----- Given data
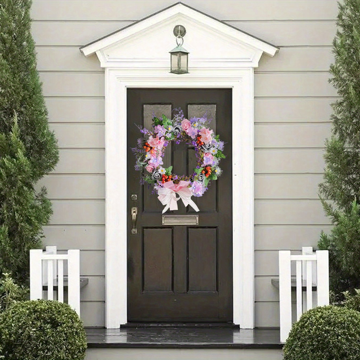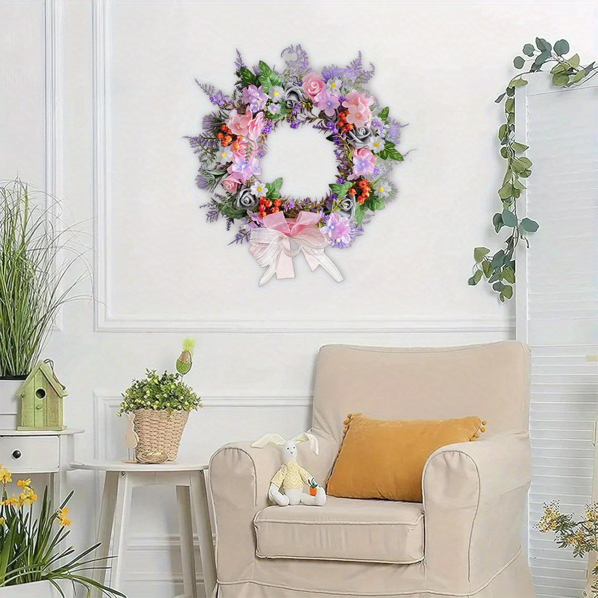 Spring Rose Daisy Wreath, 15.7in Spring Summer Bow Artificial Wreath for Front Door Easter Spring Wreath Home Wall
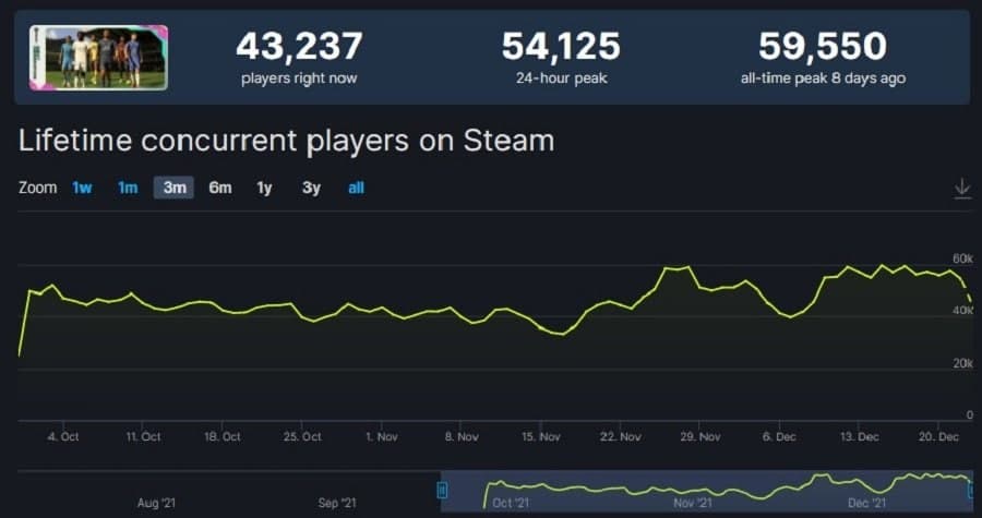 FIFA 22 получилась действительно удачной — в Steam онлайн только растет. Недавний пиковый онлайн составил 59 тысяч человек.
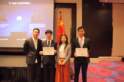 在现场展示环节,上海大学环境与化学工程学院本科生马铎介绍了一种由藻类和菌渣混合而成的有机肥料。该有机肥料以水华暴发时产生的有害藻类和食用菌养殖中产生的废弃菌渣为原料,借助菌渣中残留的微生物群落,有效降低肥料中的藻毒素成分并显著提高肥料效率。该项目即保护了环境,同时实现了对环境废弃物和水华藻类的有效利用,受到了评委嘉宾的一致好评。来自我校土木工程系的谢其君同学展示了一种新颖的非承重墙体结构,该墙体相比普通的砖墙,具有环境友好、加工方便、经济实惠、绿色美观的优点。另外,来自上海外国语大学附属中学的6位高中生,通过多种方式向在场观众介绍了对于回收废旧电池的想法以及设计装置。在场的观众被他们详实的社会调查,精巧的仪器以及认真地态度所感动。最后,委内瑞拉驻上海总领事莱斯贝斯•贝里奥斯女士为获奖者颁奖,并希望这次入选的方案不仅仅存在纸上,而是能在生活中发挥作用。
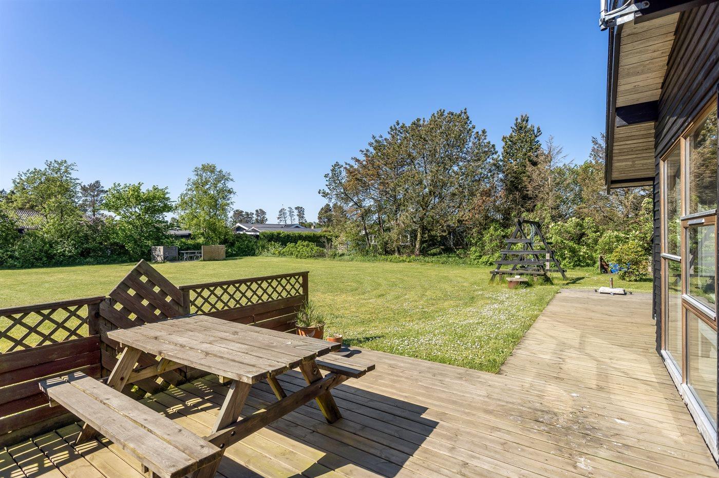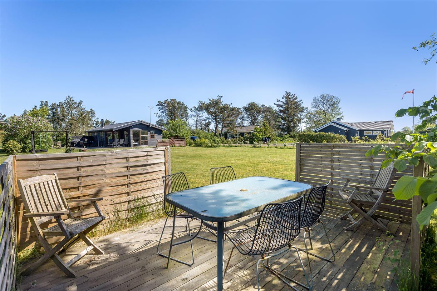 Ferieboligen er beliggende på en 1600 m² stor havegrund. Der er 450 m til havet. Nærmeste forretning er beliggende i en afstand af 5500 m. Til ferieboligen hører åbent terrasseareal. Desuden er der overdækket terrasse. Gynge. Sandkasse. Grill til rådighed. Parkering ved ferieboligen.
----------
◆ **What the exercise asks**: What you give back should be exactly the lines from the line holding "FIFA 22 получилась" through the final line of the material, both ends included, and please leave out the pictures.

◆ **Answer**:
 FIFA 22 получилась действительно удачной — в Steam онлайн только растет. Недавний пиковый онлайн составил 59 тысяч человек.
 在现场展示环节,上海大学环境与化学工程学院本科生马铎介绍了一种由藻类和菌渣混合而成的有机肥料。该有机肥料以水华暴发时产生的有害藻类和食用菌养殖中产生的废弃菌渣为原料,借助菌渣中残留的微生物群落,有效降低肥料中的藻毒素成分并显著提高肥料效率。该项目即保护了环境,同时实现了对环境废弃物和水华藻类的有效利用,受到了评委嘉宾的一致好评。来自我校土木工程系的谢其君同学展示了一种新颖的非承重墙体结构,该墙体相比普通的砖墙,具有环境友好、加工方便、经济实惠、绿色美观的优点。另外,来自上海外国语大学附属中学的6位高中生,通过多种方式向在场观众介绍了对于回收废旧电池的想法以及设计装置。在场的观众被他们详实的社会调查,精巧的仪器以及认真地态度所感动。最后,委内瑞拉驻上海总领事莱斯贝斯•贝里奥斯女士为获奖者颁奖,并希望这次入选的方案不仅仅存在纸上,而是能在生活中发挥作用。
 Ferieboligen er beliggende på en 1600 m² stor havegrund. Der er 450 m til havet. Nærmeste forretning er beliggende i en afstand af 5500 m. Til ferieboligen hører åbent terrasseareal. Desuden er der overdækket terrasse. Gynge. Sandkasse. Grill til rådighed. Parkering ved ferieboligen.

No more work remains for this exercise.